Two Corinthians Walk Into A Prayer Breakfast...
Donald Trump made the news this morning for turning the National Prayer Breakfast (an official event that is typically bipartisan and non-political) into a campaign rally, touting the lack of conviction in the Senate and telling people to get out to vote on November 3rd.
He also officially disagreed with the tone and theme of the event, taking specific swipes at Mitt Romney and Speaker Pelosi.
The thing I'd like to highlight here...
Okay, obviously Hair Furor has no special regard for the truth and he doesn't need to believe a thing is true in order to say it. But the way that he phrases these complaints is revealing about one of the central truths of his character.
He's not just angry that Romney went against him. In his mind, Romney himself knows he was wrong to do so. What makes Donald think this?
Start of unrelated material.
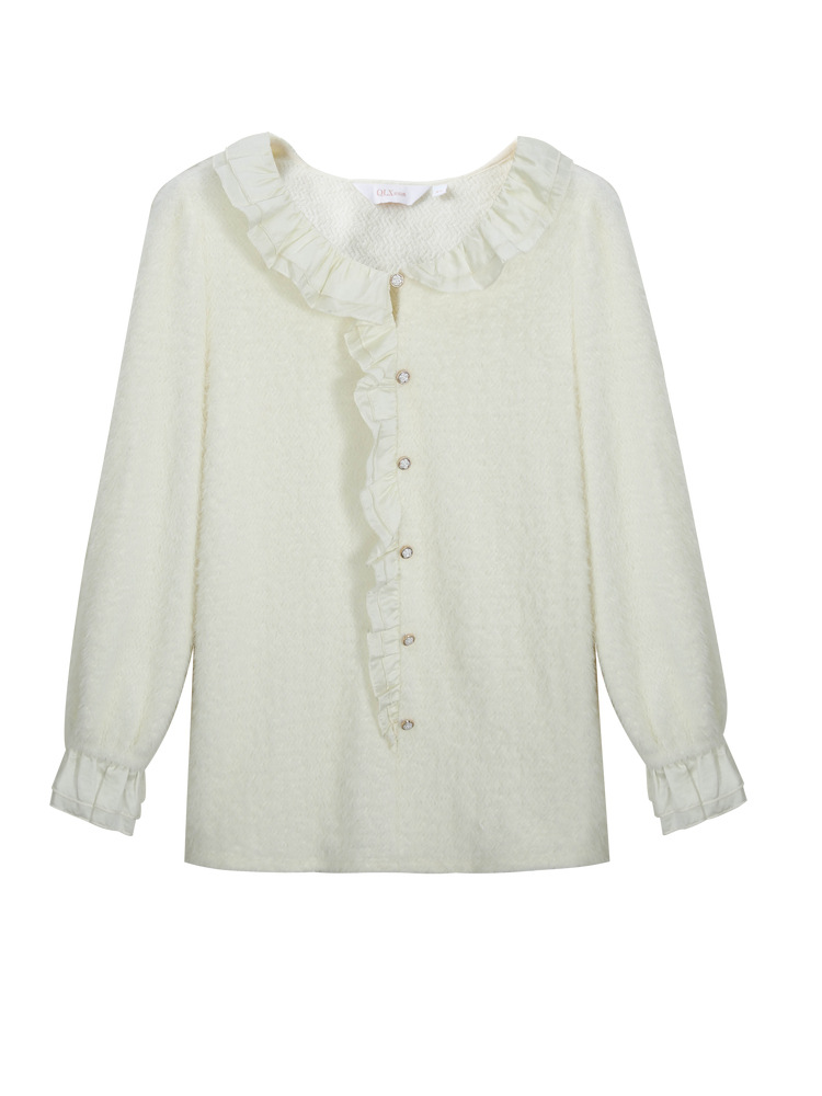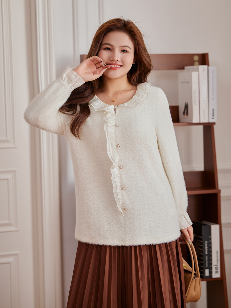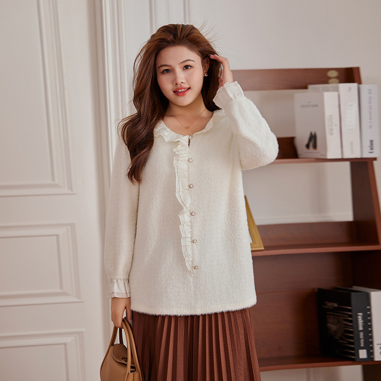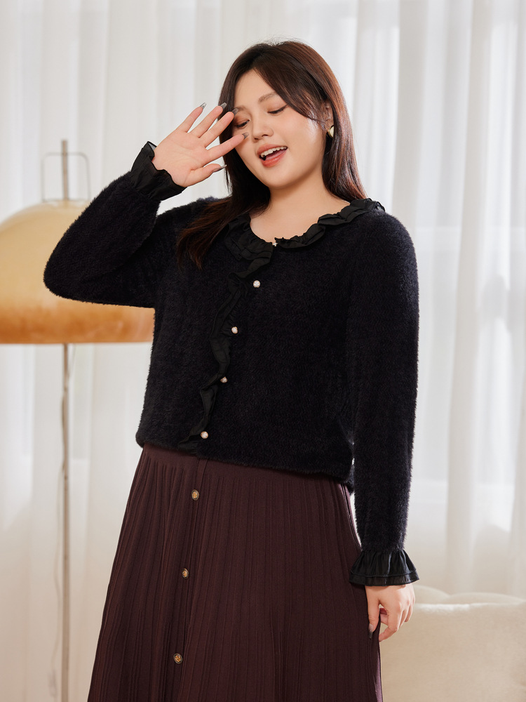 Тонкое шоу 2023 Зима Новая женская одежда больших размеров, пухлая девушка, Нежная Милая строчка, мягкий клейкий пуловер с рюшами, свитер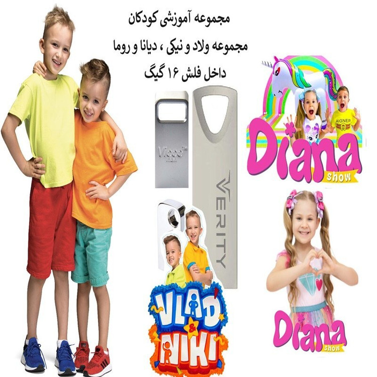 فلش مموری 16 گیگ همراه با مجموعه آموزشی کودکان ولاد و نیکی و دیانا و روما

The fact that Donald believes it was wrong, believes it so surely and certainly that it feels like knowledge.
And what makes him think that Nancy Pelosi is a hypocrite who would make empty claims about praying for him while not meaning it? Because there's no way that he himself would do any such thing for her, and he makes empty claims about prayer all the time.
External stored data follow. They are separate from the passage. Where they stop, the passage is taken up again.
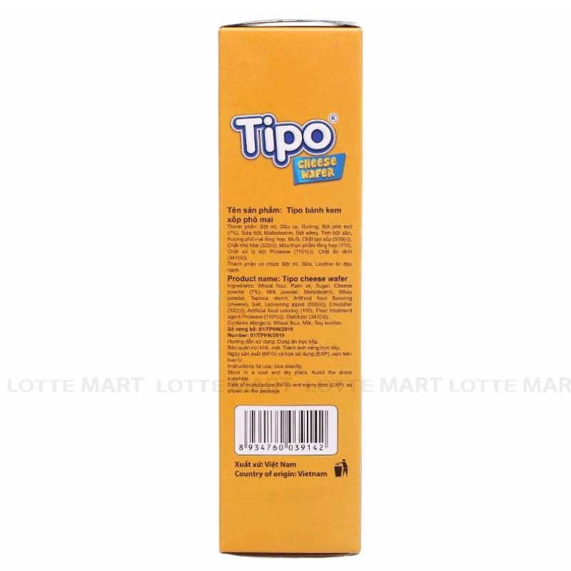 - Bánh Xốp Tipo Vị Phô Mai là sự kết hợp của lớp bánh giòn xốp cùng lớp kem phô mai beo béo hòa quyện cùng nhau. Sản phẩm giúp cung cấp năng lượng cho cơ thể, đồng thời chứa các chất dinh dưỡng như Vitamin B1, B2 và chất xơ, canxi, sắt.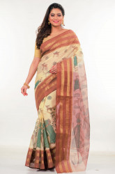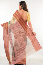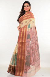 Off White Brown Handwoven Bengal Tant Cotton Saree with jamdani pallu.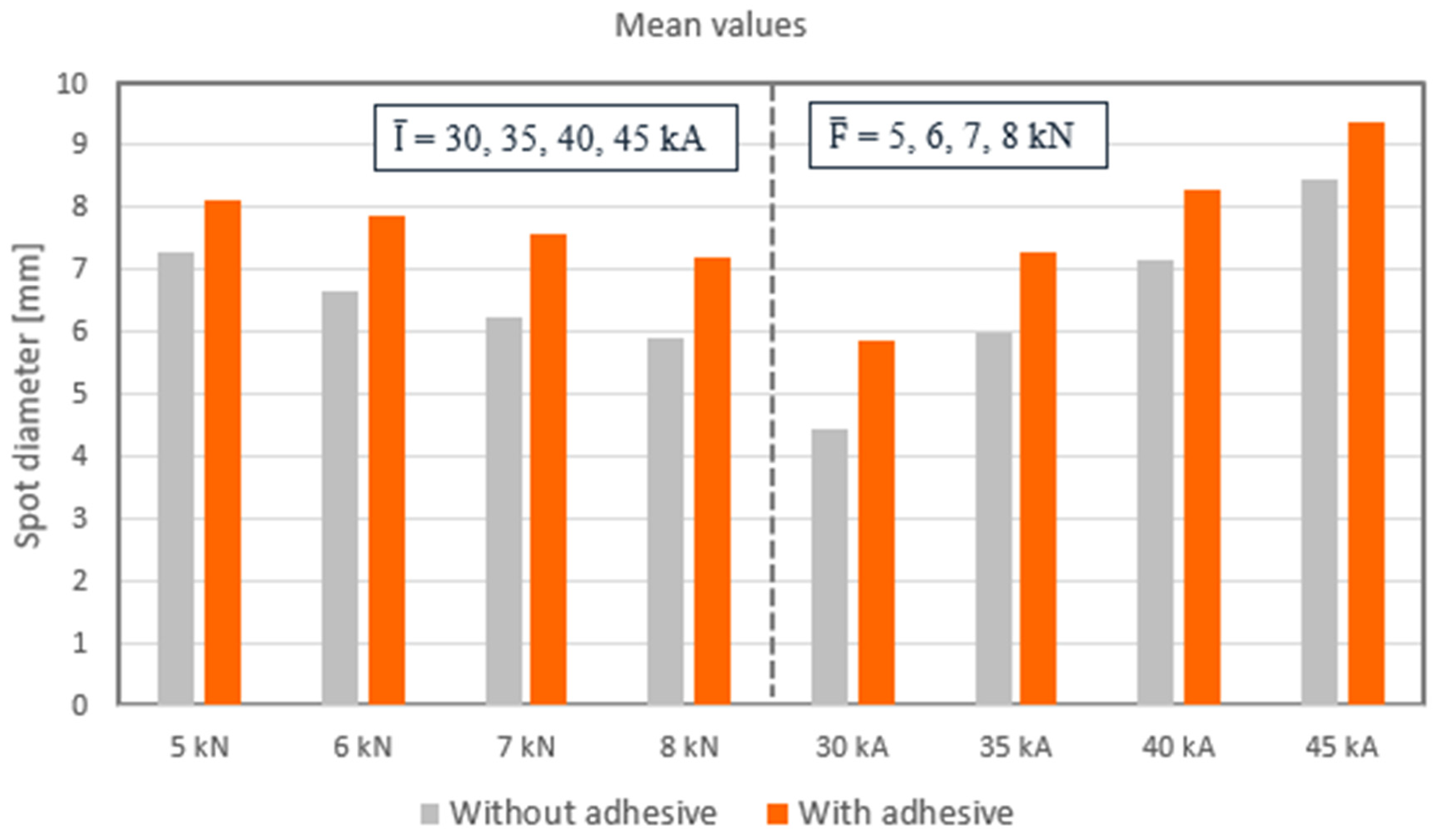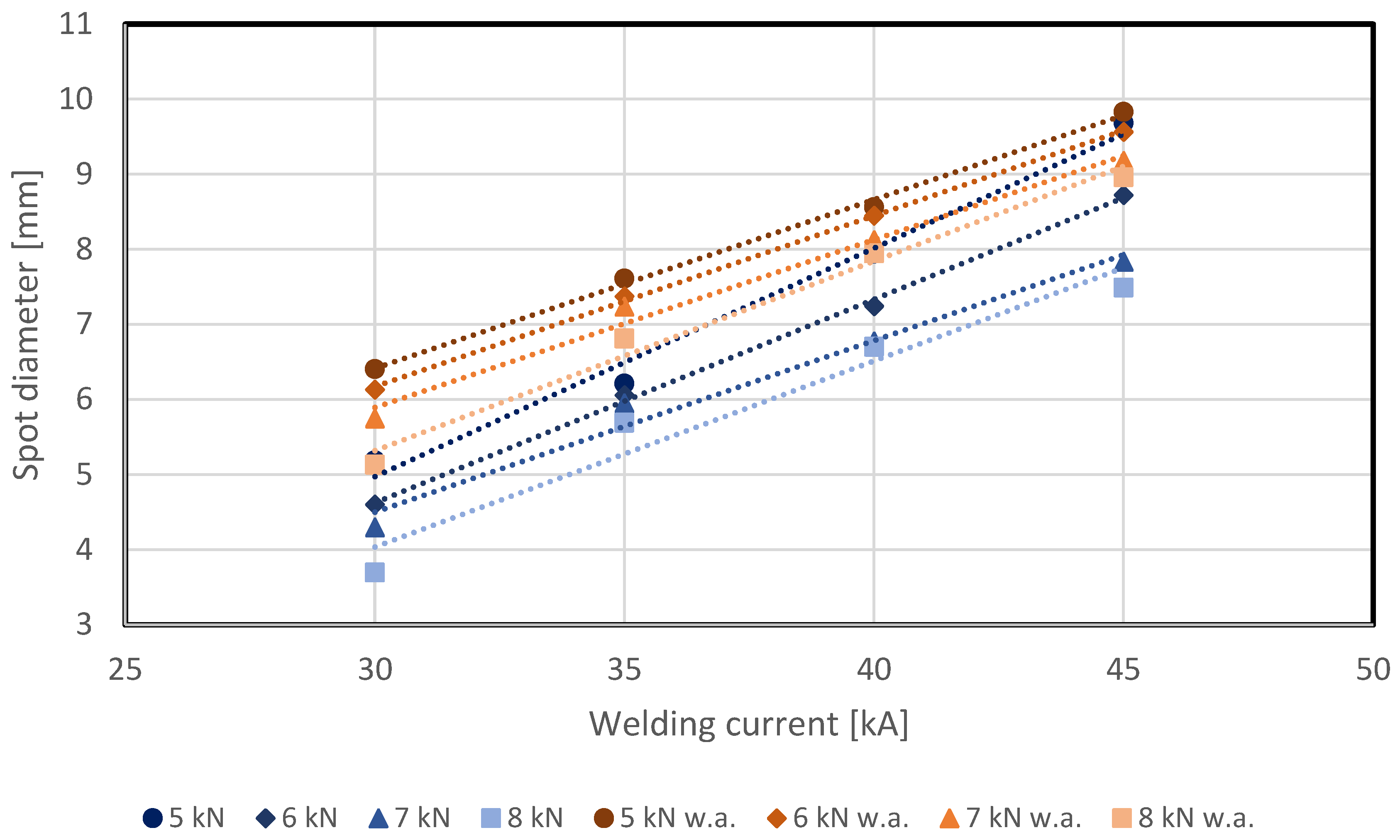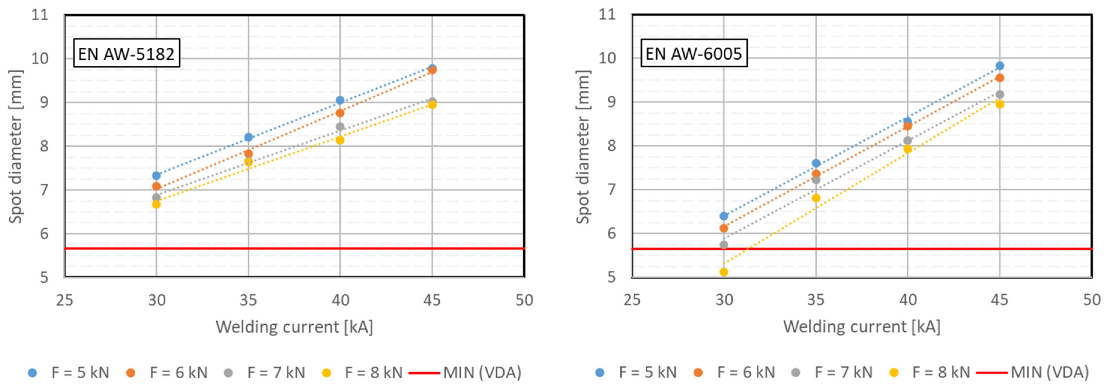 - Spot diameter increases with increasing welding current and decreases with increasing electrode force. The range significantly below the minimum spot diameter specified in the VDA recommendation 238-401 [36] was not considered in this study.

Donald does not do well when called upon to imagine a world that exists outside of himself, to see things from another person's point of view or even acknowledge that other points of view exist.
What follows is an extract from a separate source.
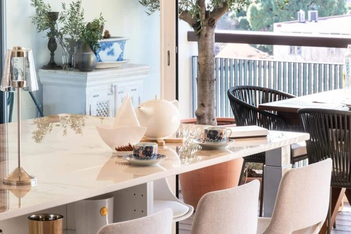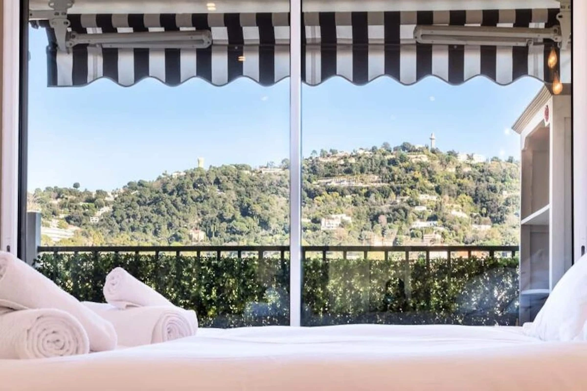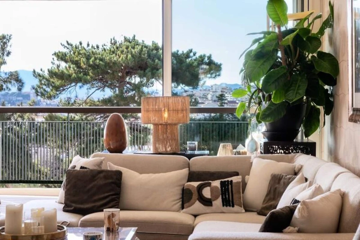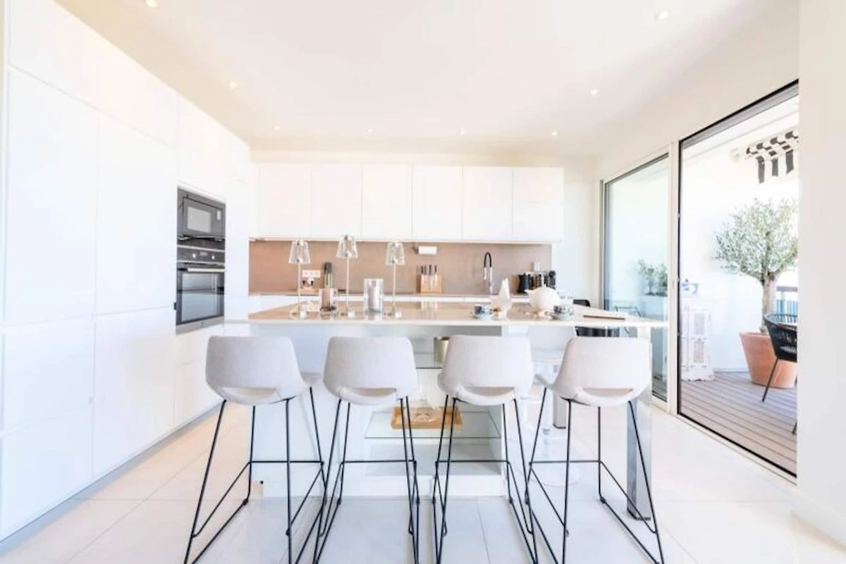 Hoch über der glitzernden Küste von Cannes bietet dieses elegante 95 m² große Apartment in der prestigeträchtigen Gallia Residence einen exklusiven Rückzugsort für Urlauber und Geschäftsreisende. Stellen Sie sich vor, Sie betreten die weitläufige Terrasse und genießen den atemberaubenden, endlosen Meerblick, der Sie einlädt, den mediterranen Charme zu erleben. Mit seinem modernen Design und der ruhigen Atmosphäre verspricht dieses Apartment einen unvergesslichen Aufenthalt in einem der glamourösesten Reiseziele Frankreichs. \n\nIm Inneren erwartet Sie ein Meisterwerk an Komfort und Stil. Das geräumige, lichtdurchflutete Wohnzimmer ist mit bequemen Sofas, einem Smart-TV und einem einladenden Essbereich ausgestattet, die alle nahtlos in die Terrasse übergehen. Die offene Küche ist mit hochwertigen Geräten ausgestattet und eignet sich perfekt, um Mahlzeiten in geselliger Atmosphäre zuzubereiten. Die Schlafräume umfassen ein luxuriöses Hauptschlafzimmer mit Queensize-Bett, eigenem Duschbad und Zugang zur privaten Terrasse sowie ein zweites Schlafzimmer mit zwei Einzelbetten und eigenem Bad. Klimaanlage und WLAN sorgen ganzjährig für Komfort und Bequemlichkeit. In einer ruhigen Wohngegend gelegen, ist dieses Apartment nur wenige Gehminuten von den berühmten Sehenswürdigkeiten von Cannes entfernt. Schlendern Sie zu den Stränden und der bekannten Croisette, erkunden Sie die lebhafte Rue d'Antibes mit ihren zahlreichen Geschäften oder tauchen Sie ein in den historischen Charme von Le Suquet. Der Alte Hafen und der Markt von Forville sind bequem zu erreichen und bieten Ihnen einen Einblick in das authentische provenzalische Leben. Für ein unvergessliches Erlebnis unternehmen Sie einen Bootsausflug zu den Lérins-Inseln und entdecken Sie deren idyllische Schönheit. Ob Sie sich erholen oder geschäftlich unterwegs sind – dieses Apartment vereint Luxus, erstklassige Lage und Komfort und ist somit die perfekte Wahl für Ihren Aufenthalt in Cannes.

Which also means, effectively, that he has a hard time imagining other people as people.
You can see this in the way he talks about knowledge generally. What he knows (even if it's not true) is stuff everybody knows. Something he doesn't know or care to find out about is something nobody knows. And something he just recently learned is something that nobody knows.
This lack of an awareness of other people as people paradoxically gives him a great quality of confident assurance when he speaks about them, which his followers respond to. Where other people talk around the subject of what's going through their opponents' heads, and offer wishy-washy, mealy-mouthed reasoning and observation about what they think might be motivating them, Donald can simply shoulder his way over to a microphone and make bold, simple declarations: "The coastal elites hate you. They think they're better than you," he says, and he means every word, and he delivers them with the confident assurance of someone who can't imagine any wealthy person from New York, any TV star, any celebrity, any private school alum, not despising each and every single one of them.
To his followers, he sounds like he knows what he's talking about, and to the extent that he's talking about himself, he does.